AMD-Powered Frontier Supercomputer Breaks the Exascale Barrier, Now Fastest in the World

Frontier is the first officially recognized exaflop supercomputer in the world. It tops the Top500 list of the worlds’ fastest supercomputers as its AMD-powered systems have grown dramatically this year. Frontier not just beats the previous leader, Japan’s Fugaku, but blows them all out of the water. Frontier is faster than the other 7 supercomputers on the Top500 list, combined. Notably while Frontier hit 1.10 ExaFLOPs during a sustained LinPack FP64 benchmark, the machine delivers up to 1.70 ExaFLOPS in peak performance but has room to reach 2 ExaFLOPS after more tuning. For comparison, one ExaFLOP equals one quintillion floating-point operations per second.

In addition to its high performance, Frontier is also the most energy efficient supercomputer in the world. It ranked number two on the Green500 list, behind IBM’s Summit system. Frontier delivers 52.23 gigaflops per watt, while consuming just 21.1 megawatts of electricity at peak performance. At that level of efficiency, Frontier could theoretically operate for nearly 30 years before requiring an upgrade.

AMD’s EPYC processor family powered systems now comprise five of 10 of the TOP 500 supercomputers in the World! AMD EPYC powered systems now appear in 94 of the TOP500 supercomputers in world, marking a steady rise since November 2019 when AMD EPYC powered systems appeared in 73 of the TOP500 supercomputer systems. AMD EPYC processors also appear in more than half of all new systems added to the TOP500 this year.

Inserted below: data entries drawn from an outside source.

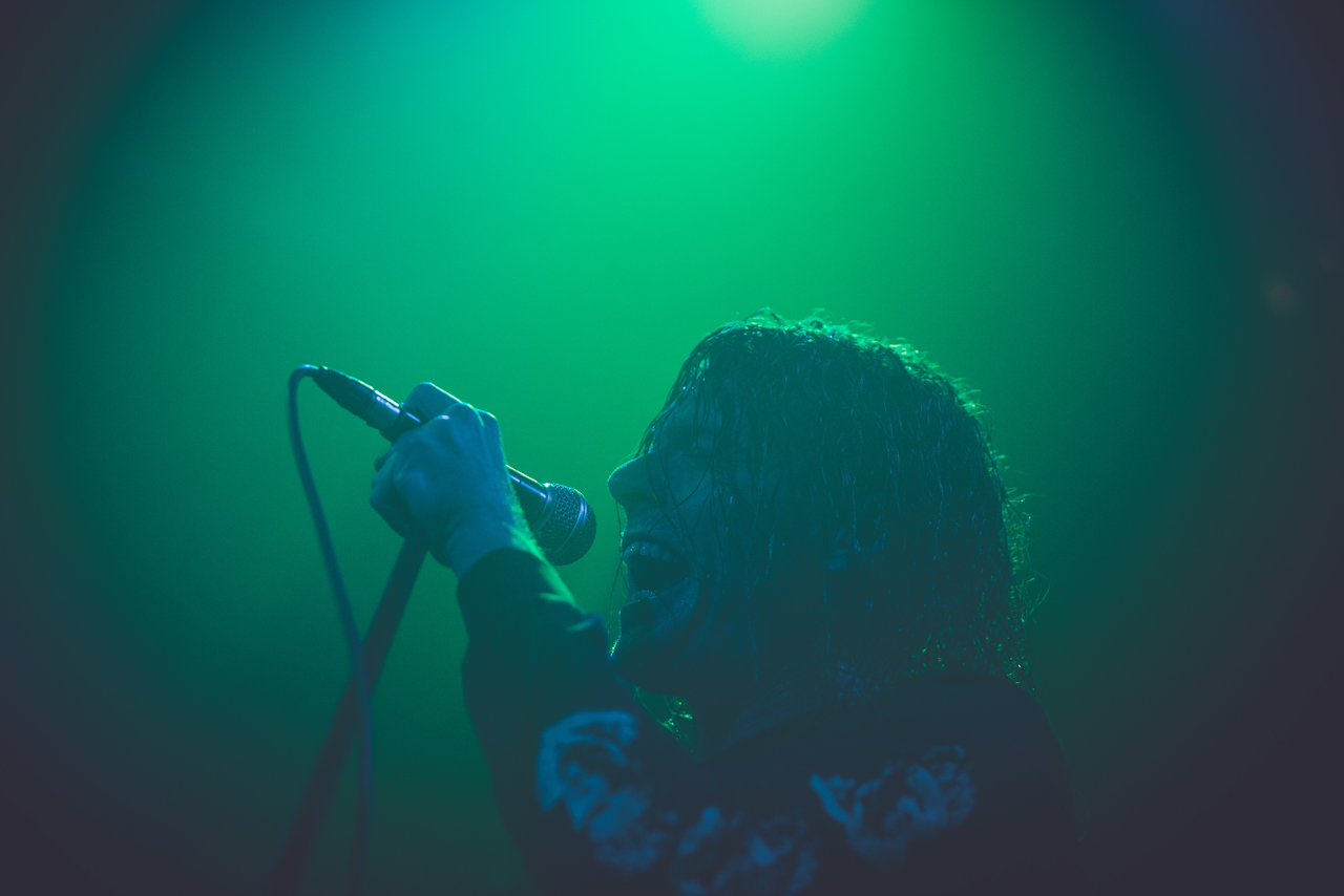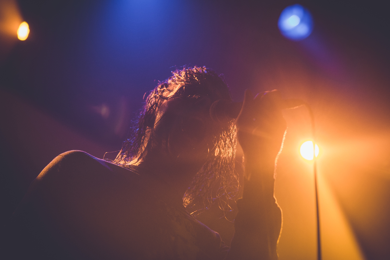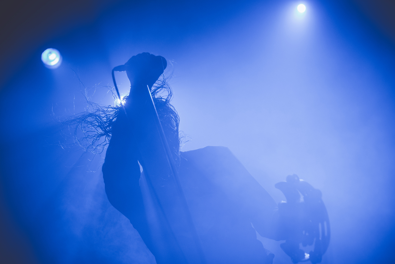 Es sollte düsterer werden. In kühlem, blauen Licht und dunstigem Nebel trat George Clarke vor das Publikum. Voller Energie ging er die Bühne auf und ab, hüpfte zweimal in die Luft, ergriff das Mikro und schrie endlich mit „Honeycomb“ den zweiten Song des neuen Albums „Ordinary Corrupt Human Love“ in die Menge! Beim nachfolgenden Song „Canary Yellow“ wurde klar, warum Deafheaven auch im Shoegaze beheimatet sind. Zu Beginn des Liedes wehte ein Hauch von Slowdive durch die Kranhalle. Eben gerade in Songs wie „Canary Yellow“ zeigt Deafheaven, wie perfekt sie den Wechsel zwischen den Musikgenres beherrschen.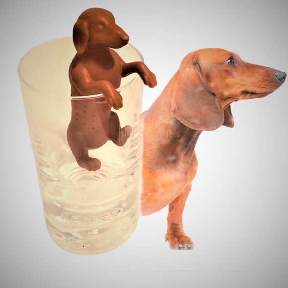 Whimsical Food-grade silicone brown dachshund tea strainer /infuser. New in unopen Box, perfect condition, never used.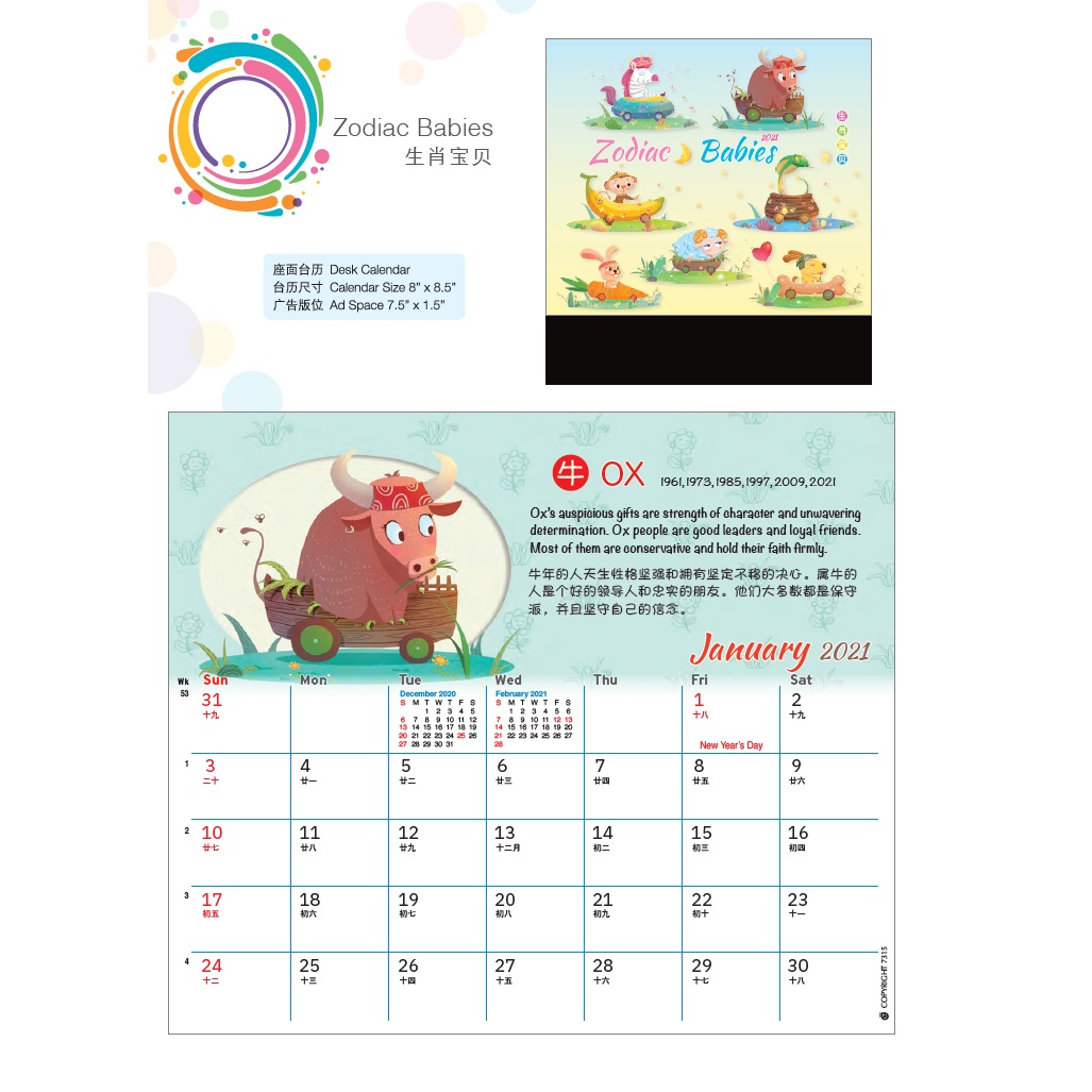 Desk Calendar with Wire-O (Zodiac Babies)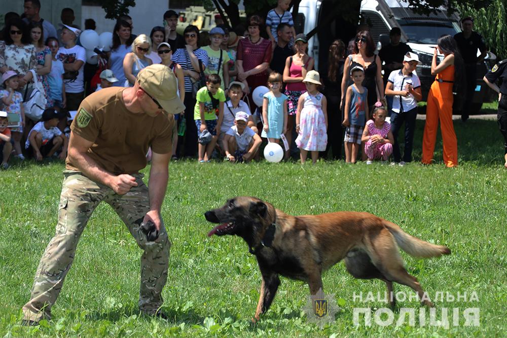 Бурхливі емоції дітей вирували біля кінологів зі службовими собаками. Демонстрація навичок тварин у затриманні правопорушників та знаходженні небезпечних предметів, викликала щире захоплення присутніх.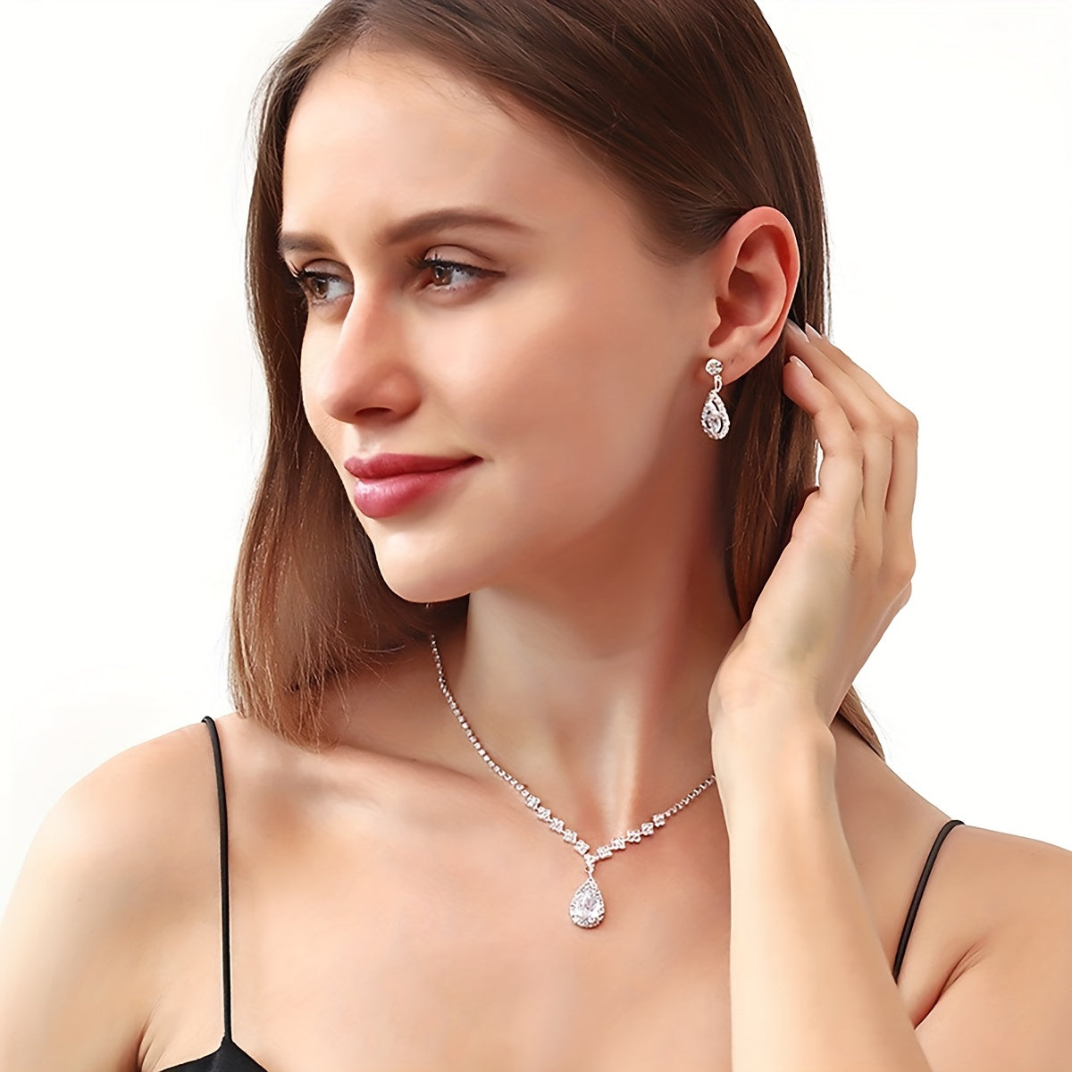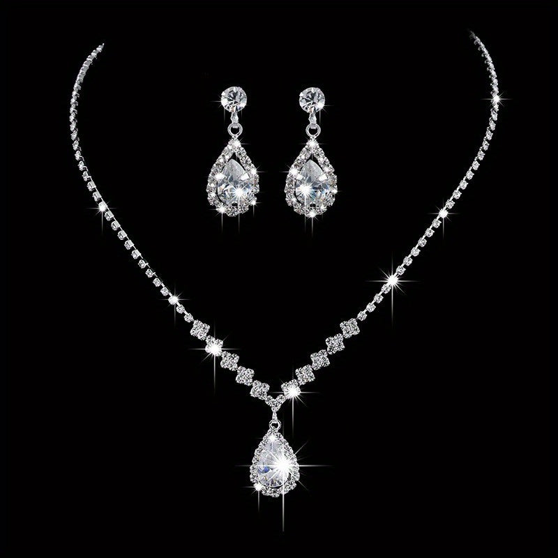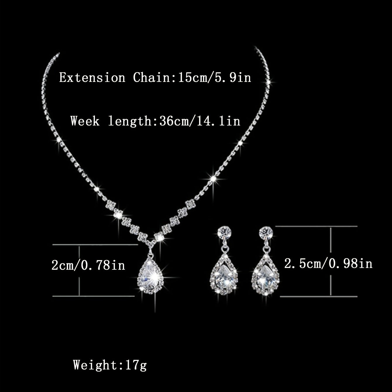 Complete your evening party look with this dainty jewelry set. The set includes a pair of earrings and a necklace, all silver plated and adorned with sparkling rhinestones. Makes a perfect birthday gift for her.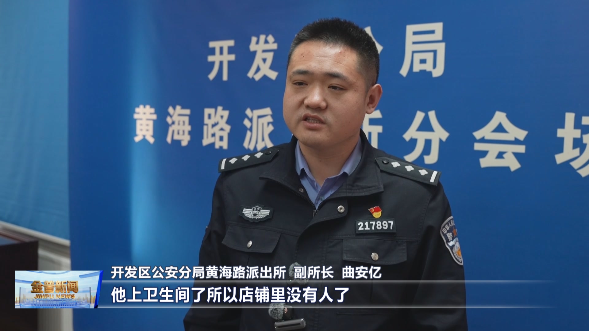开发区公安分局黄海路派出所副所长曲安亿(我们到场后联系报警人,报警人当时只有一个人在店铺,他上卫生间了,所以店铺里没有人了,他返回店铺的时候,发现手机丢失了,立即调取了监控,发现有一名陌生男子趁店铺里无人的时候,将手机直接拿走了。)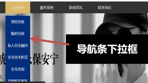 <li class="yewu"><a href="business.html">公司业务</a> <div class="nav2"> <div class="dropDown-C"></div> <div class="dropDown-B"></div> <a href="">常驻安保</a> <a href="">临时安保</a> <a href="">私人安全顾问</a> <a href="">安全技术防范</a> <a href="">安全咨询</a> <a href="">其他相关服务</a> </div></li>
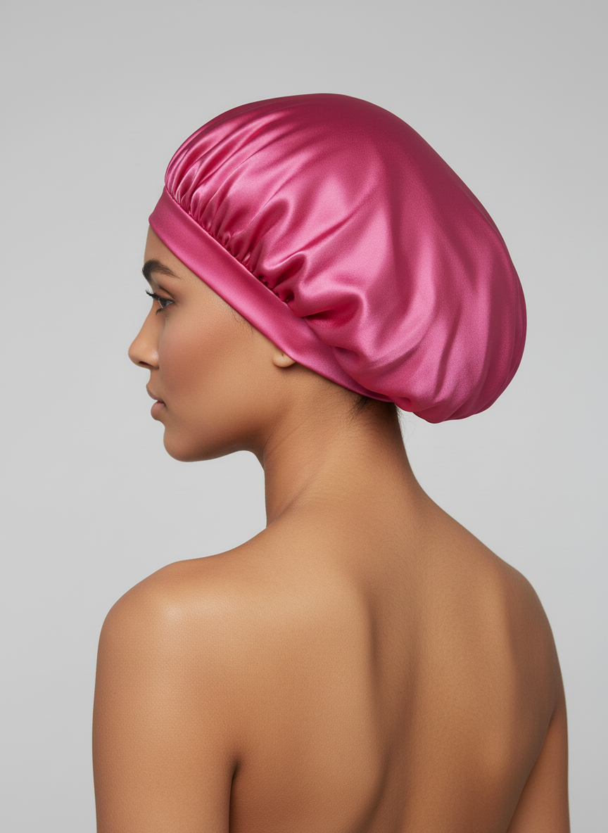 Le bonnet se positionne sur la tête pour maintenir les cheveux couverts. Il sert à interposer une couche de satin entre les cheveux et d'autres textiles, comme les taies d'oreiller, dans le but de réduire les contacts directs et les frottements.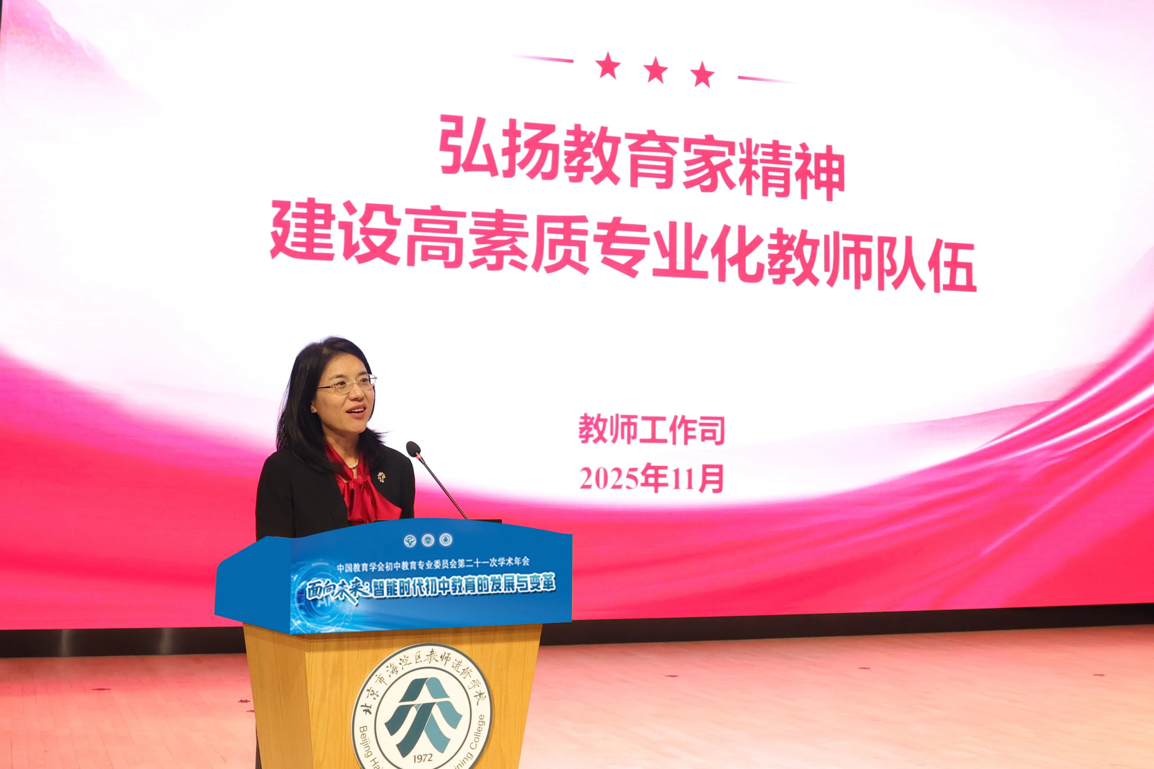 為深入貫徹黨的二十大及各全會精神,認真落實全國教育大會精神和《教育強國建設規劃綱要(2024—2035年)》的工作部署,推進教育、科技、人才一體化發展,充分發揮初中教育承上啟下的關鍵作用,推進義務教育優質均衡發展,辦強辦優基礎教育,扎實推動教育強國建設,2025年11月2日-3日,中國教育學會初中教育專業委員會第二十一次學術年會在北京市海淀區成功舉辦。本次會議是在中國教育學會初中教育專業委員會第九屆理事會成立之際召開,開啟了學術引領初中教育高質量發展的新篇章。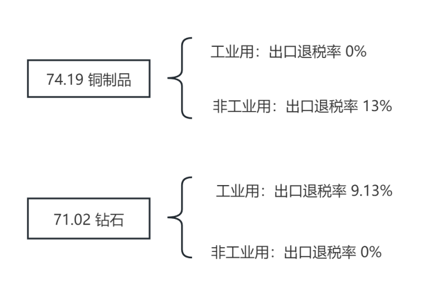 在品目74.19中,工业用的铜制品出口退税率是0%,而非工业用的铜制品出口退税率则为13%;在品目71.02中,工业用钻石出口退税率是9,13%,而非工业用的钻石出口退税率为0%。由此可见,如果相关产品归类错误,后果将不堪设想。

AMD dominates the green500 list, powering the four most energy efficient supercomputers in the world. Not only does AMD dominate the list, but it also has eight of the ten and seventeen of the twenty most efficient systems. The Frontier supercomputer is powered by AMD, and is installed at the DOE’s Oak Ridge National Lab in Tennessee. The system includes 9,408 compute nodes with one 64 core Trento processor paired with 512GB of DDR4 memory and 4 AMD Radeon Instinct MI 250x graphics cards. These nodes are spread out across 74 HPE Cray XC40 cabinets, each weighing 8k lbs. The total system has 602, 112 CPU cores, all paired to 4.6 PB of DDR4 RAM.

AMD’s new supercomputers are designed to tackle big problems. The machines are built around dual AMD EPYC Rome processors running at 2.2GHz each, along with 128GB of DDR4 RAM and two NVIDIA Tesla V100 accelerators. Each accelerator contains 24 NVLink ports, giving them access to 16GB of high-bandwidth memory. These accelerators also contain four PCIe Gen 3 x16 slots, allowing them to connect to other components. The systems will be housed inside a custom chassis that includes 12 fans and a total of six 120mm cooling fans. The system will run Windows Server 2016 and Red Hat Enterprise Linux 7.3.

The entire network is connected to an insanely fast storage subsystem with 700 petabyte of capacity, 75TB/s of throughput, 15 billion IOPS of speed, and 15 million IOPS of latency. Metadata is stored across 480NVME SSDs that provide 10 PB of capacity, while 5,300 NVME SSDs provide 11.8 PB of capacity for the primary storage tier. Meanwhile, 4,800PMR HDDs provide 679 PB of capacity.

Assembling Frontier was a huge project. It took six years to complete and required 60 million parts. ORNL had to source all of them, including 685 different part numbers. The chip shortage hit mid-construction, impacting 167 of those parts. So ORNL had to find replacements for those parts. AMD also ran out of MI200 GPU chips, which were critical for the project. To help circumvent the shortage, ORNL worked with ASCR to get DPAS ratings for the parts. That meant the US government invoked the Defenestration Act to procure the parts because of Frontier’s importance to national security.

Frontier is the first commercially available Exascale supercomputer. It is capable of processing 100 petaflops of computing power. That means it could perform 1 quintillion calculations per second. By comparison, the fastest supercomputer today, Titan, processes about 10 petaflops, meaning it could calculate roughly 0.1 quadrillion calculations per second.

Intel’s Aurora system will be the first exascale system. However, there is still some doubt about whether the submitted results are accurate. The Top 500 list is compiled using a benchmark called Linpack, which measures floating point operations per second. The submitted result is a proxy for the real thing. The submitted result is also not the same as the actual number of flops that the system can actually achieve. There is a chance that the submitted result is not accurate.

Aurora, a 3+ ExaFlop supercomputer expected to come online in 2021. Upon its completion, this Intel-powered supercomputer will compete with the El Capitan for the title of the world’s fastest supercomputer. CPUs.